Section 12 of the Sexual Offenses Act punished private, consensual same-sex conduct between men with up to 15 years in prison, and section 15 punished “serious indecency” between consenting adults of the same sex, defined as any sexual act other than intercourse, with up to five years in prison. While the law has rarely been enforced, human rights organizations have found that it contributes to anti-LGBTQ violence and discrimination, including assaults, intimate partner violence and death threats. International human rights law makes clear that prohibitions on consensual same-sex relations violate rights to privacy and non-discrimination.


“The process of litigation is important, as it underscores how these laws contribute to the stigmatization of lesbian, gay, bisexual, transgender, queer, and intersex (LGBTQI) people, how they legitimize hate speech, discrimination and violence and tear at the fabric of our society,” said Kenita Placide, executive director for the Eastern Caribbean Alliance for Diversity and Equality (ECADE) in a statement. “Our governments have sworn to protect and uphold the rights of all and act in a manner that promotes the prosperity and well being of all, and this judgment is in keeping with this commitment.”

“As director of an organization that has long worked to secure meaningful protections from gender-based violence for LGBTIQ people, I have seen how buggery laws contribute to discrimination and violence,” said Alverna Inniss, director of Meeting Emotional and Social Needs Holistically (MESH). “MESH is pleased that the outcome of the legal challenge is one that promotes and protects the human rights of LGBTIQ people. The wheels of justice are turning in the right direction. This decision affirms that Antigua and Barbuda is a society where the lives of LGBTIQ people are valued and respected. We have come a long way.”

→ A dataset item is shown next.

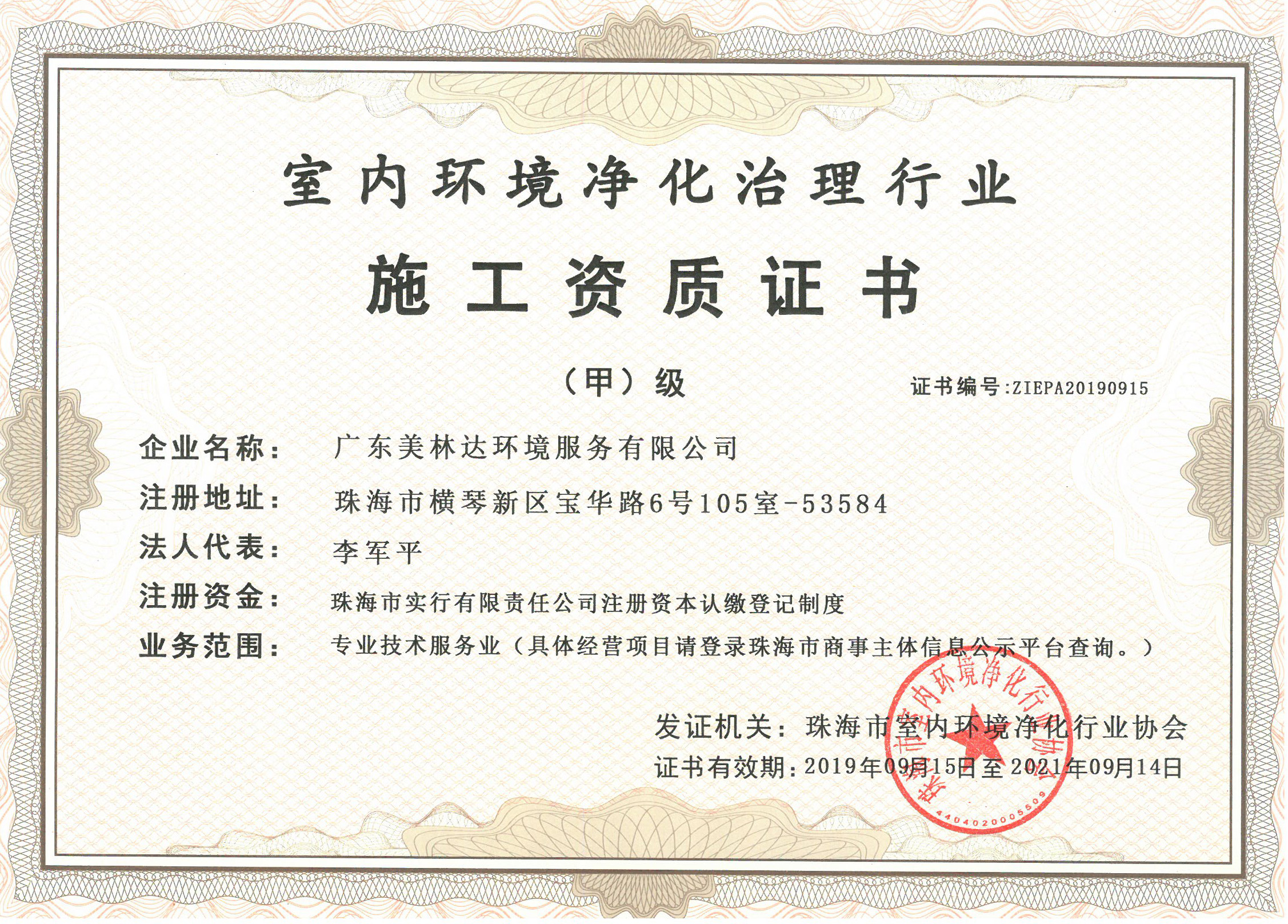 高級室內(nèi)環(huán)境凈化資格認(rèn)證

In recent years, LGBTQ communities have grown in strength and numbers in the Caribbean despite the existence of so-called sodomy laws. Outright has partnered with LGBTQ groups in the region, supporting the Frontline Alliance, a queer and feminist-led network aimed at combatting gender-based violence, as well as the registration and formation of its first transgender network, UC-TRANS. In turn, Outright has seen activism and visibility increase. To learn more on Outright’s advocacy work in the Caribbean, please go here.  


About MESH:

MESH is a human rights organization advocating and providing services to individuals in the LGBTQ community in Antigua and Barbuda. MESH was registered in 2017 under the company name Mesh Inc. No. C0307/2017, of the Antigua and Barbuda companies Act No. 18 of 1995.

About ECADE: 

Eastern Caribbean Alliance for Diversity and Equality (ECADE) is an independent umbrella organization that works with human rights groups to strengthen institutional capacity and provide a platform to strategize and work towards equality within the sub-region. Membership is drawn from across twenty-two (22) small island territories in the eastern Caribbean. These organizations are a direct conduit to and amplify the voice of the communities they serve. ECADE advances cooperation between LGBTI organizations in the eastern Caribbean and promotes understanding and goodwill between all the peoples of the eastern Caribbean.